Generally speaking a propane heater stays lite because the pilot stays lite. The pilot flame touches a thermocouple which produces a current which keeps the main valve open. Pilot goes out or you have a bad thermocouple or the pilot is slightly clogged (reduced heat to thermocouple) or maybe the thermocouple is not touching the flame enough. Most times when a propane heater goes out the problem is somewhere in that neighborhood. Thermocouple - pilot. I have always had luck carefully taking those parts off, cleaning, and reassembling, but check the position of the thermocouple first. Looks like a small brass rod which sticks into the flame. This is a safety mechanism to prevent the flame being blown out and leaving the gas on. Good luck
You pilot ignator is plugged.I take a small wire and run it in the hole every year and I also Blow the heaters out real well with air.THis has always worked far me.I need a phone number or email address to Pro Com because i'm having problems with a new one i just bought and I can't find the papework.Could you pleas eif you have this info email it to me
Well, I just went out this morning and worked on the heater after it would not light last night. Turns out that a spider or moth set up camp in the pilot light intake housing and plugged up the two small mixer holes that pull in air for the pilot light. This would explain the 'yellow-flame'. I took a punch awl and some compressed air and cleaned out the hole, then re-installed the cover and knob. Lastly, I turned and depressed the knob and the pilot light ignited almost instantly, stayed on when I let the knob up, and the heater turned on normally after that. Good luck, I hope this helps.

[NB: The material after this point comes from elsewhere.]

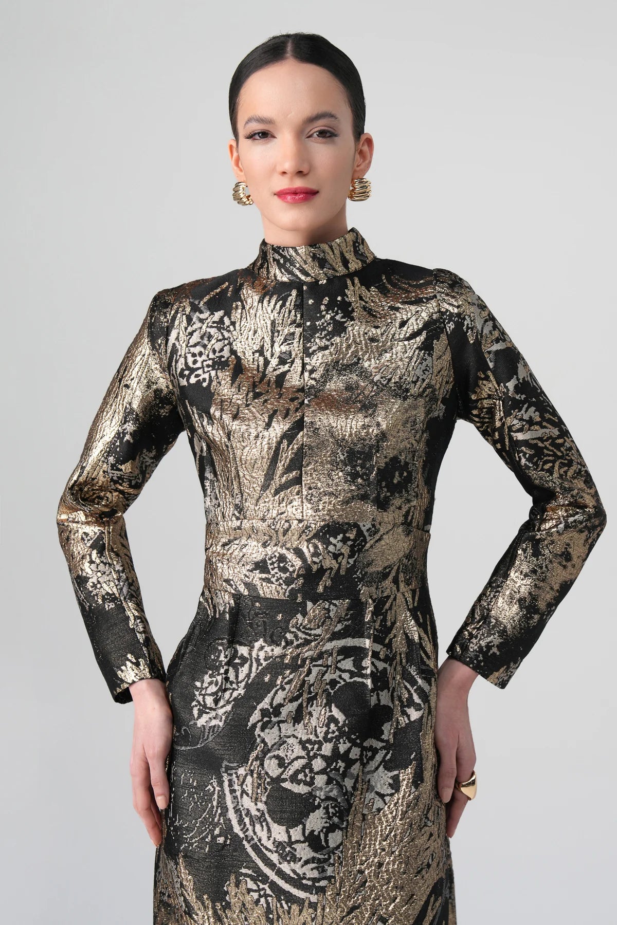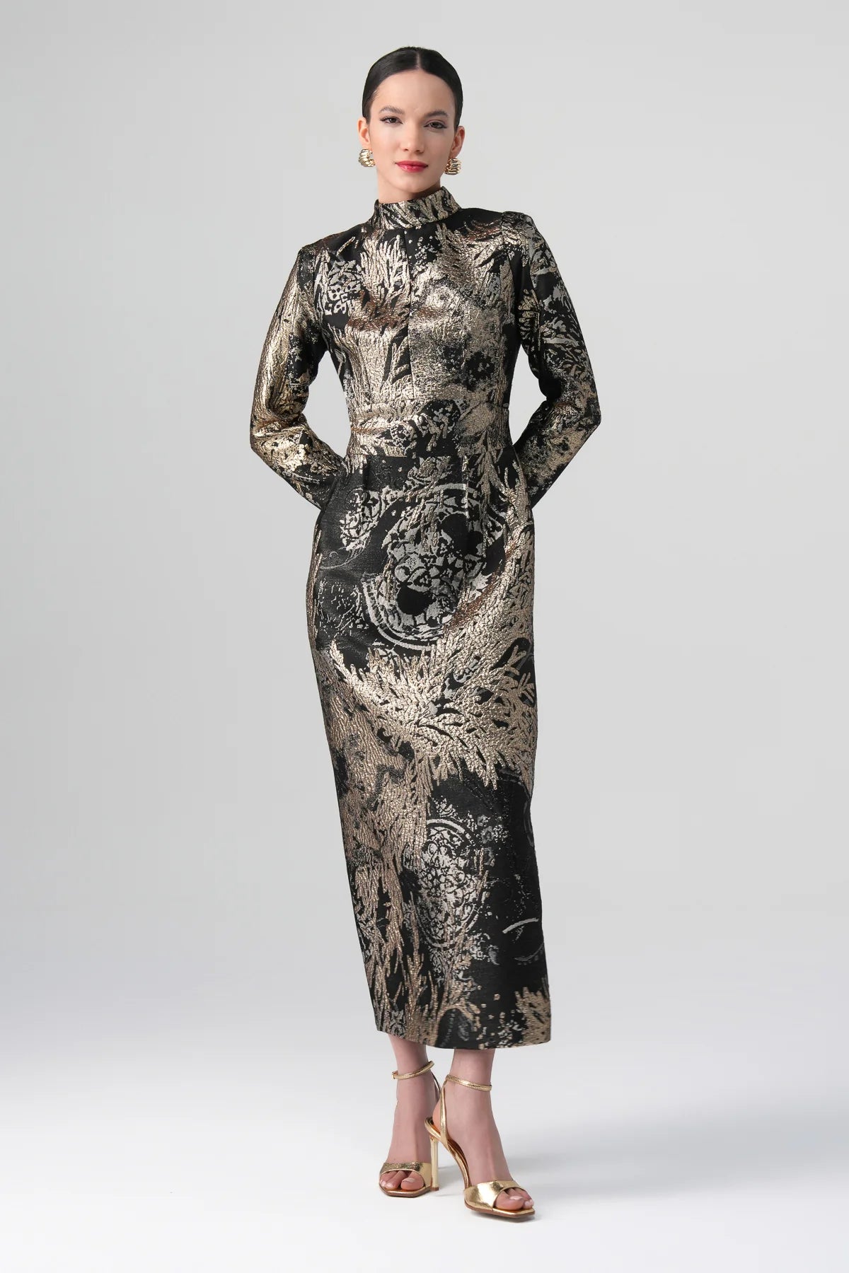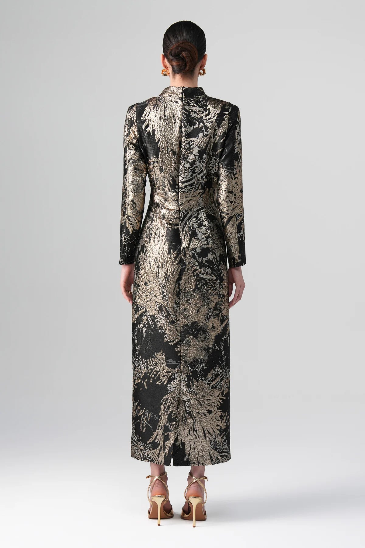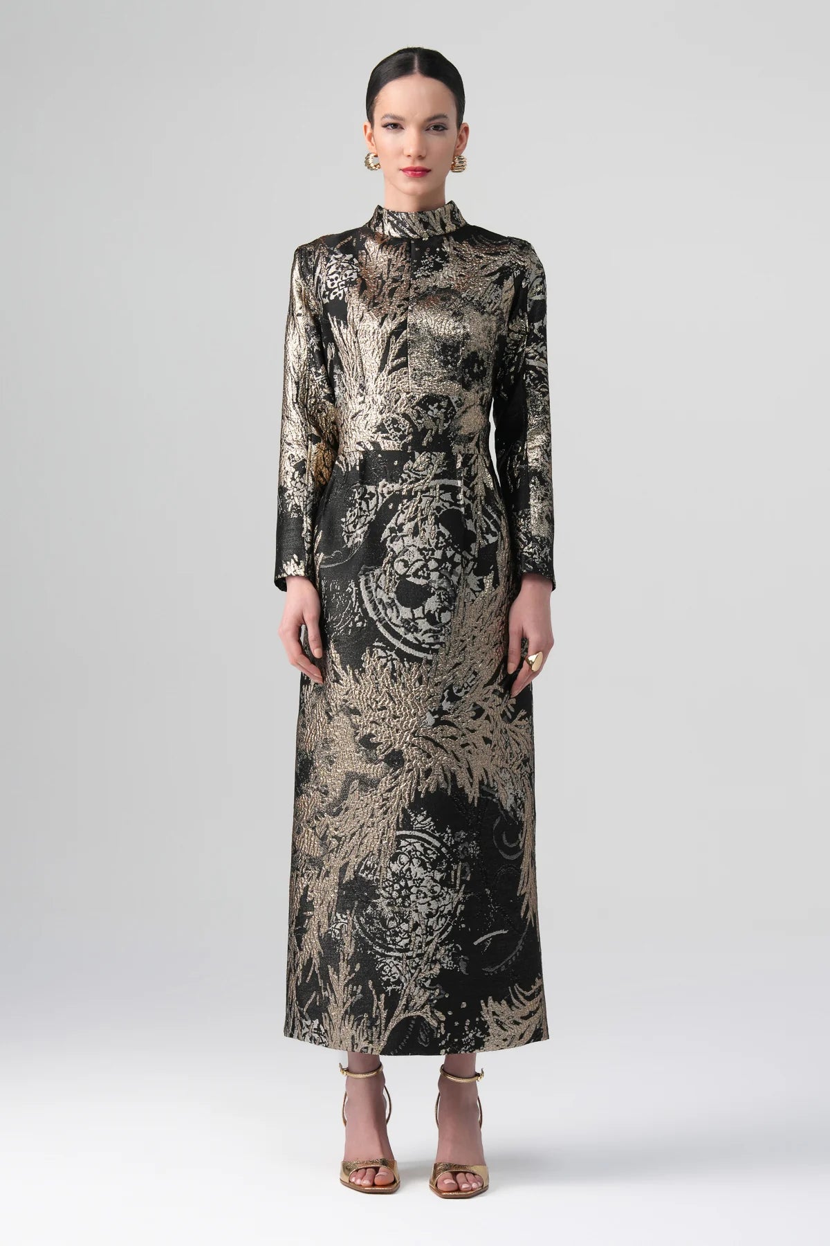 A statement piece defined by its rich jacquard texture and structured silhouette. The intricate pattern adds depth and visual complexity, while the clean cut maintains a refined, modern balance. Designed for elevated occasions, this dress delivers a strong yet elegant presence.

There is a small probe that is heated by the pilot flame. This is called a thermocouple & keeps the gas valve open by generating a small electric current. Most likely the pilot flame is too small, or not heating the thermocouple properly. Either turn the pilot up a bit, or gently bent the thermocouple bracket to put it in the flame a bit more. Do not try to bend the thermocouple itself. If this does not help, a new thermocouple may be needed.